Copying and incrementing/decrementing the copy is the only way it can be done.

复制和递增/递减副本是唯一可以完成的方法。

You can write wrapper functions to hide it (and as mentioned in answers, C++11 has std::prev/std::next which do just that (and Boost defines similar functions).
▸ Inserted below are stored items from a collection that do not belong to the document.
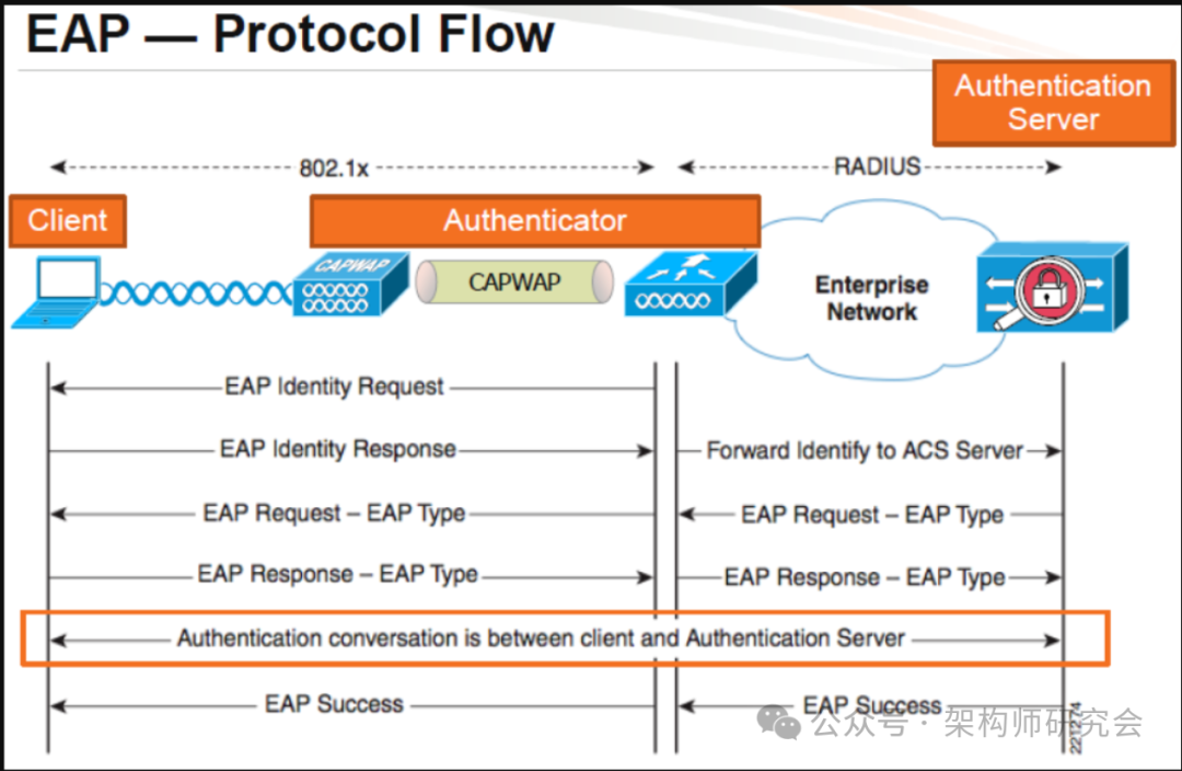 通常802.1x通信发生在客户端和身份验证程序之间,作为身份验证程序到身份验证服务器,它将是RADIUS协议。EAP为客户端和身份验证服务器之间的身份验证交换中使用的典型数据包定义了报头。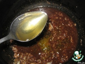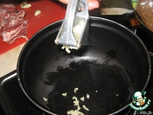Для начала приготовим маринад. Сразу в той посуде, где мясо будет мариноваться. Выдавливаем чеснок.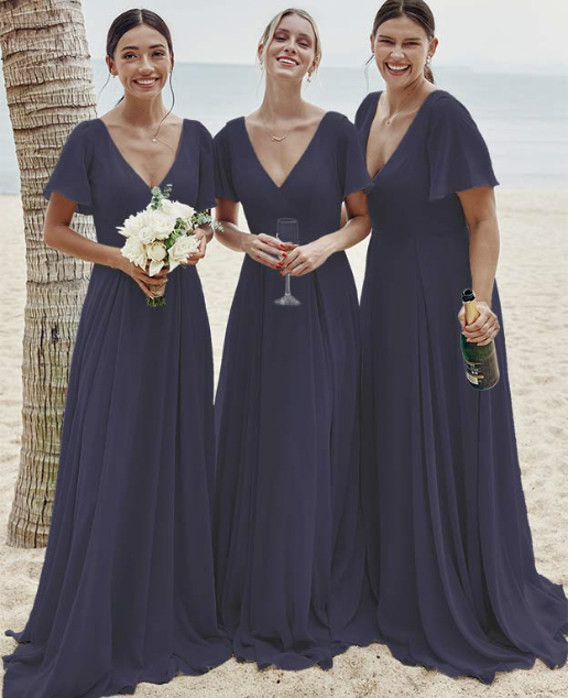 V Neck Bridesmaid Dresses Chiffon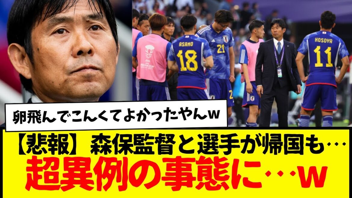サッカー日本代表はイラン代表に2-1で敗北。森保監督と国内組選手が日本に帰国した。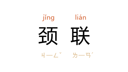 引宋 严羽 《沧浪诗话·诗体》:“有頷联,有颈联。”明 徐渭 《答龙溪师书》:“颈联乃因今年中秋月盈,而及往年中秋月蚀。”清 洪亮吉 《北江诗话》四:“其( 杨煒 )《自嘲》一首,余极爱其颈联。”《诗刊》1978年第1期:“我以为这首诗的颈联(第五、六句)比颔联(第三、四口)更好,没有一点斧凿的痕迹。”

But they are wrappers around this "copy and increment" operation, so you don't have to worry that you're doing it "wrong".

您可以编写包装函数来隐藏它（正如答案中提到的，C++11 有 std::prev/std::next 可以做到这一点（并且 Boost 定义了类似的函数）。但它们是围绕这个“复制和increment”操作，所以你不必担心你做错了。

Yes, since C++11 there are the two methods you are looking for called std::prevand std::next. You can find them in the iterator library.

是的，从 C++11 开始，您正在寻找两种方法，称为std::prev和std::next。您可以在迭代器库中找到它们。

Example from cppreference.com

来自 cppreference.com 的示例

#include <iostream>
#include <iterator>
#include <vector>

int main() 
{
    std::list<int> v{ 3, 1, 4 };

    auto it = v.begin();

    auto nx = std::next(it, 2);

    std::cout << *it << ' ' << *nx << '\n';
}

Output:

输出：

3 4

A simple precanned solution are priorand nextfrom Boost.utility. They take advantage of operator--and operator++but don't require you to create a temporary.

一个简单的预装解决方案是prior和next来自Boost.utility。他们利用operator--和operator++，但不要求你创建一个临时的。